I have some experience in developing web apps. I have done some projects in React.js and Node.js. Recently a person from my country approached me on Facebook and said that he found my profile on Github. He saw my recent mini project about the live views counter of YouTube videos. He asked me to build a similar website with more features in it. He said that he would pay me for it. I haven’t done any sort of freelancing before and have no idea how much I am worth. I even don’t know how to and how much to charge him whether per project or on hourly basis. I don’t consider myself a beginner as I have some experience in web development(Front end and back end). Can campers here help me in this? I would be really thankful to you.
Do you need/want the money bad?
- take the job
- if you’ve got plenty of money, enjoy life.
Do you have time for this?
- yes, take the job
- if no, make the person go away by charging a high price. if client bites, make time for this
Do you want to do this job?
- if no, charge a higher price. I client bites, suck it up and think of all the cool new toys you can buy, or vacation you will take
- if yes, don’t tell the client. act cool, but inside you’re like pls pls pls I want your company on my list of clients for my website
Do you think this person/company has money and can pay you?
- no, don’t take the job
- yes, do they have lots of money? charge a high price.
Do you know the scope of the project?
- yes, its easy, can be done quick, already have the libs for it…charge per project
- no, then charge hourly. Can client pay hourly? See above for answers.
I can’t give you a specific number because that varies and depends on where you live, the standard of living ,etc. But you are worth as much as the client thinks you’re worth it. If the client thinks you’re worth $10/hr and you agree to take the job, then you’re worth $10/hr. If you quote client $100/hr and they agree, then you’re worth $100/hr. (If you charge per project, and you can finish this in a couple of days, your equivalent hourly rate shoots up through the roof.)

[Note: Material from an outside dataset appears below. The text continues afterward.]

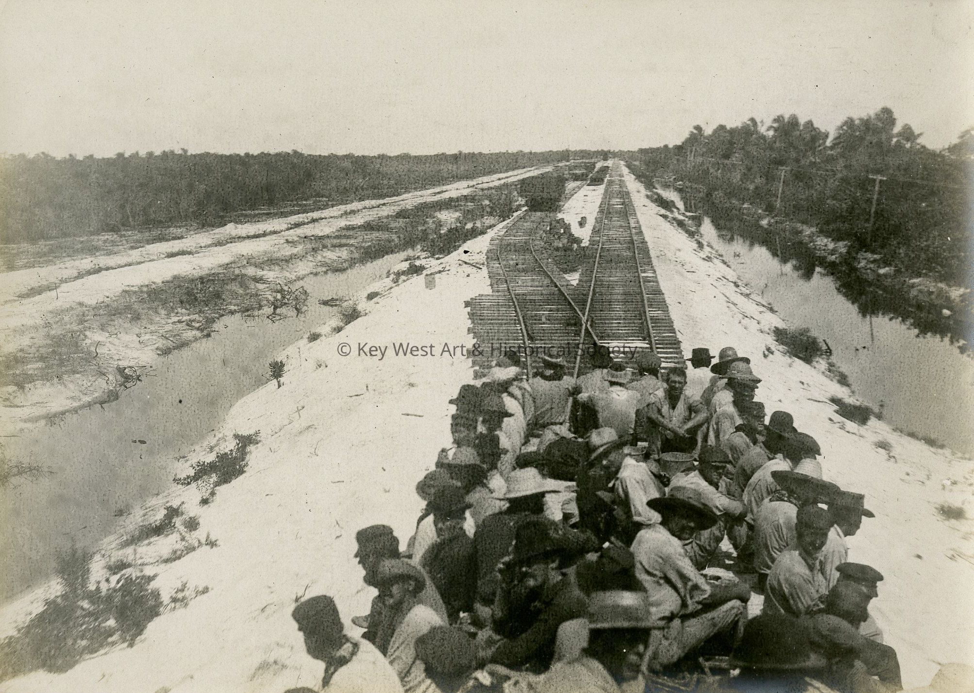 Black and white photograph depicting the construction of the Oversea Railway. The image shows construction workers receiving a delivery of siding on Lower Matecumbe.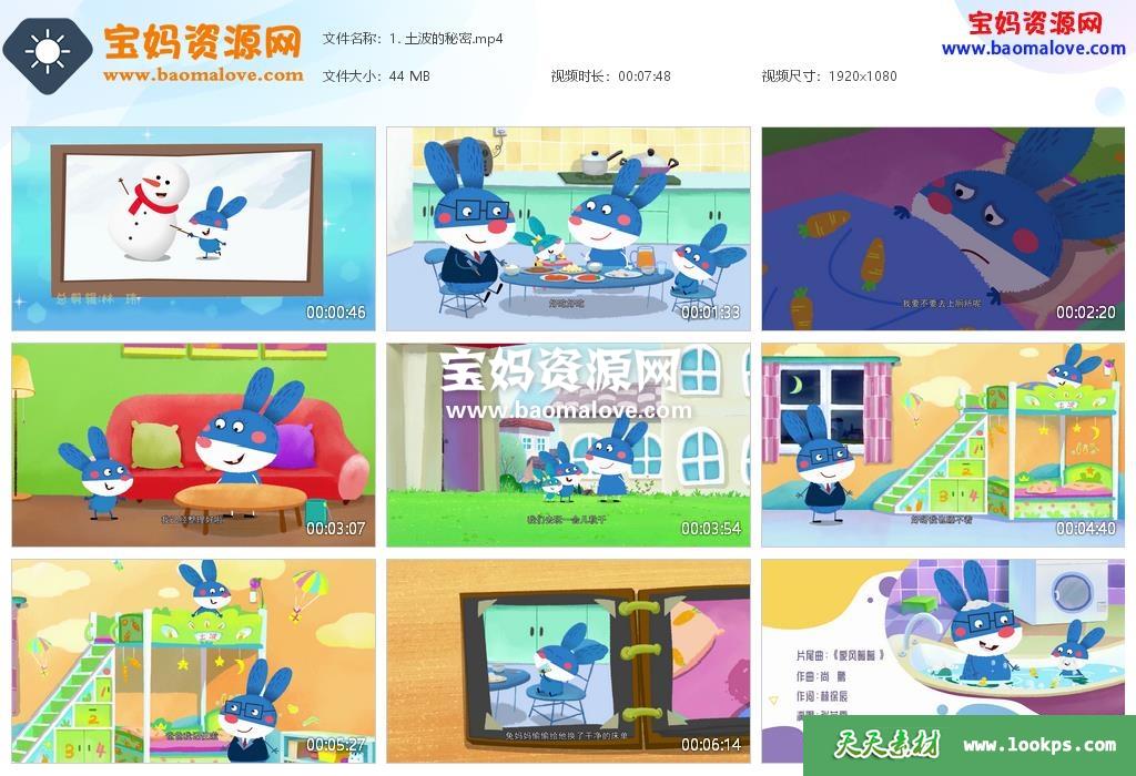 天天资源网收录的动画片《土波兔之好好习惯》,全部26集,国语发音,中文字幕;每集大小约44M,资源总大小1.35G,单集播放时长约7分钟,1080P高清MP4格式,可以在电视机或电脑、平板、IPAD、早教机、手机等各种设备播放,提供百度云网盘下载。

So what starting number should you pick? Look for the typical annual salary of a programmer requiring the same skills (in your country) makes… and pro-rate to either hourly rate or how long it will take to do this project… got that number? Now multiply that number by 2x or by 3x or 5x. Why? He’s not paying you benefit, or taxes, or company perks so you need to make up for it.
The most nerve-wrecking time is when you write details of contract telling the client you want to be paid XXX amount… then waiting for the client to sign on it. Will they bite? or not? If they bite, big celebration! – after all, you remember to charge them what you think you’re worth, maybe more…
Oh yeah… protect yourself. Have a written, signed contract between the two of you. This is a must for new clients. After you guys have worked on several projects, then there’s a level of trust and you can just agree verbally.
Thanks for such a detailed explanation. I am very glad some one helped me in figuring this out.